Snow-water equivalent levels were above normal in the Madison, Gallatin and upper Yellowstone river basins on April 1, according to the Natural Resources Conservation Service’s Water Supply Outlook Report. Each basin received at least 115% of its normal precipitation for the month of March.

Lucas Zukiewicz, a water supply specialist for NRCS, said favorable weather patterns produced decent snowfall in this part of the state in the middle of March and again at the end of the month.

That’s made for rosy summer streamflow predictions across the region, a good sign for river users and irrigators. But that doesn’t mean the state couldn’t use more snow.

Zukiewicz said the region’s river basins normally peak later in April, and that adding more moisture will be helpful in making sure the water supply lasts long into the summer.

“We’re not done with winter yet,” Zukiewicz said.
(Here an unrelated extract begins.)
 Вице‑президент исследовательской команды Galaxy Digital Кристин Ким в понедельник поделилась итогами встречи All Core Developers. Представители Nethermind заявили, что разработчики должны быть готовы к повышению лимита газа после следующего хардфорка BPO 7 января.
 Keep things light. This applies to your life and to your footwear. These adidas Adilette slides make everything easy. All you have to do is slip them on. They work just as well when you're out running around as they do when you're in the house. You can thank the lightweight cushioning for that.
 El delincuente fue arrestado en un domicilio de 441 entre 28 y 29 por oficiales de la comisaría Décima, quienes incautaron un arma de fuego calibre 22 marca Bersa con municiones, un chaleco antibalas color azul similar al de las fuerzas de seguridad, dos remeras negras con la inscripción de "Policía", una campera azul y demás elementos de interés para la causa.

Snowfall was much higher in the basins on the east side of the Continental Divide in March, with southwestern and south central Montana getting the biggest boost. The river basins west of the divide didn’t receive quite the same boost, but most of the basins are still close to normal.
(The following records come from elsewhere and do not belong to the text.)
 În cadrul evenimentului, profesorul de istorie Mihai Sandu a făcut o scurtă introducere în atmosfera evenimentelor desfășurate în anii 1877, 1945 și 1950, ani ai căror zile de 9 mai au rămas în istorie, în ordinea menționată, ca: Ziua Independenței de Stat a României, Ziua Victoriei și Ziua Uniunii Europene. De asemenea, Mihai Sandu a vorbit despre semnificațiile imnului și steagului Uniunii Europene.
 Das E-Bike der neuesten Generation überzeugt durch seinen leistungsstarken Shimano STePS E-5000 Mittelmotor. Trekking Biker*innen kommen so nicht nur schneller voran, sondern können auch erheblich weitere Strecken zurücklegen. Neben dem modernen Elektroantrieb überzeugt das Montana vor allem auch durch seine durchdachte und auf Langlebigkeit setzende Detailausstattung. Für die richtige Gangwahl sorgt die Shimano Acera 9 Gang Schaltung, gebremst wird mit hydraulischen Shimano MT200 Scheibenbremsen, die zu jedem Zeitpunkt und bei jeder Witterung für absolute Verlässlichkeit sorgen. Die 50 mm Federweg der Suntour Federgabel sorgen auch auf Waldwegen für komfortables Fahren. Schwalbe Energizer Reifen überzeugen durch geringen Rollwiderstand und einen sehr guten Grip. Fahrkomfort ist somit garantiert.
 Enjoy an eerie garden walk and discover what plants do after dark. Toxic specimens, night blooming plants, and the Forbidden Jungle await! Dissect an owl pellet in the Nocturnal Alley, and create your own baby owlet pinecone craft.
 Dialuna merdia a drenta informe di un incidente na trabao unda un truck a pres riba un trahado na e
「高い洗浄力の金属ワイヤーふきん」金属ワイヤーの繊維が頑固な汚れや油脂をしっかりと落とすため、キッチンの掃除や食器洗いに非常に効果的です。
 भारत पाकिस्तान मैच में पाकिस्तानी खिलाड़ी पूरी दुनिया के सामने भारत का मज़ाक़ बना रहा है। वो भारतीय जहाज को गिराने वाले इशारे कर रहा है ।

Snowpack in the Gallatin River basin was at 115% of normal for April 1, according to the report. Streamflow forecasts for the Gallatin this summer are optimistic. Inflows to Hyalite Reservoir are expected to be well above normal, a reflection of the Hyalite area’s high snowpack — 128% of normal.

The upper Yellowstone had 119% of its normal snowpack on April 1. The southern part of the basin — the Yellowstone above Livingston and the streams coming out of the Absaroka and Beartooth ranges — fared slightly better than the northern part.
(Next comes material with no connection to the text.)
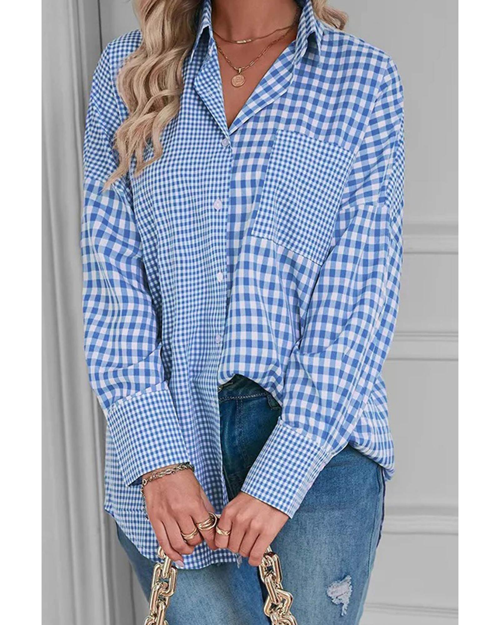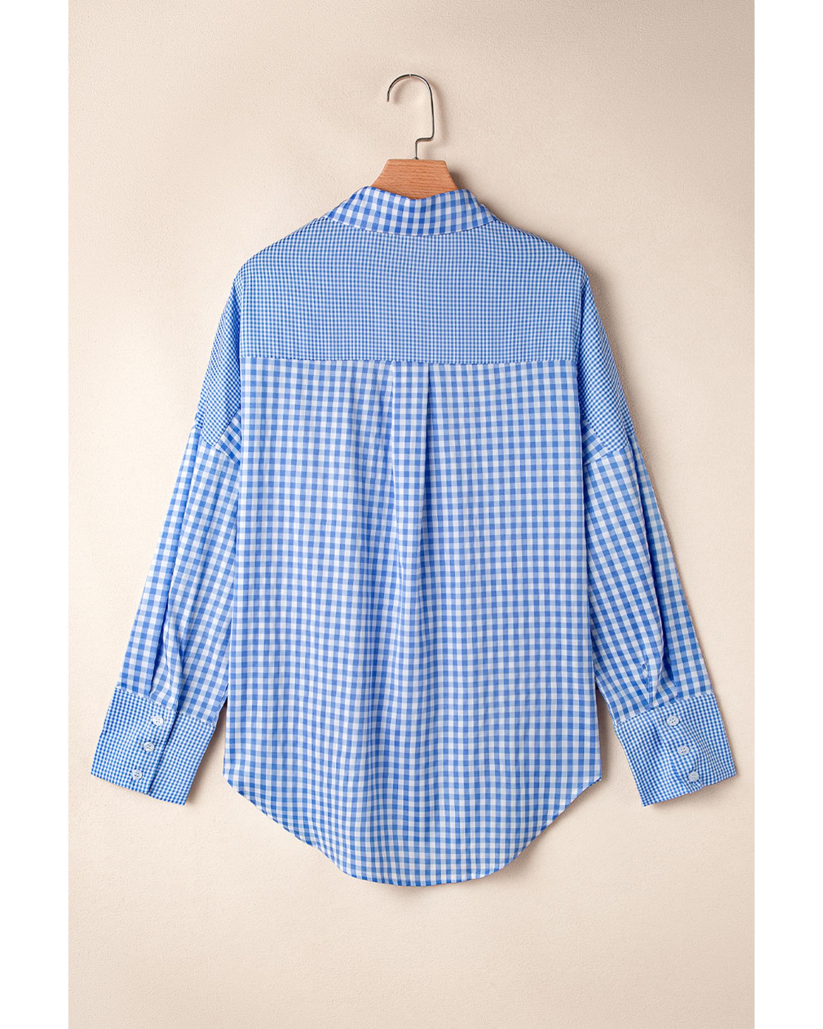 Sky Blue Stripe Plaid Patchwork Button up Long Sleeve Shirt – L

Sub-basins beginning in the Absaroka and Beartooth ranges — like the Boulder and Stillwater rivers — had snowpack levels above 115% of normal. Meanwhile, The Shields River, which begins in the the Crazy Mountains, had 108% of its normal snowpack.

The Madison River drainage was at 106% of its normal snowpack for April 1.

Zukiewicz said those numbers set the region up well for the coming months, when low elevation snow will begin to melt. He added that it also protects the basins somewhat if the weather completely dries up.

“It gives us a little bit of insulation should the transition of spring into summer end up being dry,” he said.